Understanding Fractal Summarization

A terrific paper by Christopher Yang & Fu Lee Wang of the Chinese University in Hong Kong that was mentioned by Orion in a thread at SEW but never picked up on has some worthwhile components that demand greater examination.

First off, the abstract notes that traditional methods of document (page) summarization by search engines has been shown to be inferior to the method proposed in the paper - a fractal summarization. Yang & Wang note that thematic weight of sentences has been traditionally calculated using the tf*idf (term weight) formula. They continue to use this measurement, but expand on the methodology for separating a page into smaller pieces for on-topic analysis.

"They (traditional summarization techniques) consider the document as a sequence of sentences. In the fractal summarization, the traditional salient features are adopted and the hierarchical fractal structure is also considered."

"A term is considered more important in a range-block (piece of the document) than other range-blocks is the term appears in the range-block more frequently than other range-blocks"

"The significance of the heading is inversely proportional to its distance from the sentence. Propogation of factal value is a promising approach to calculate the heading weight for a sentence."

"(More attention is paid) to some bonus words such as 'conclusion'"

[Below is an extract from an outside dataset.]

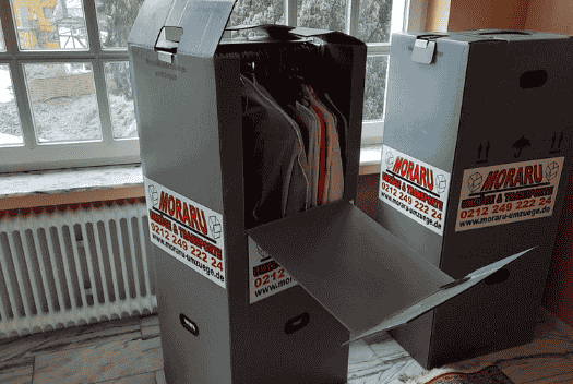 Praktische Kleiderboxen für den sicheren Transport Ihrer Kleidung auf Bügeln – knitterfrei und bequem.

For SEOs, understanding this document and the papers it cites is important to gaining an understanding of how far search engines are able to take topic and relevance analysis. This ability will continue to grow over the years, making it more and more imperative that optimization specialists focus on careful site architecture, page topic architecture and link building from on-topic sites and pages. There's nothing revolutionary here (except the notation of 'bonus words' - I wish I had a list), but it does re-inforce the importance of not just good writing, but very carefully structured sites to attract the most positive rankings from an algorithm.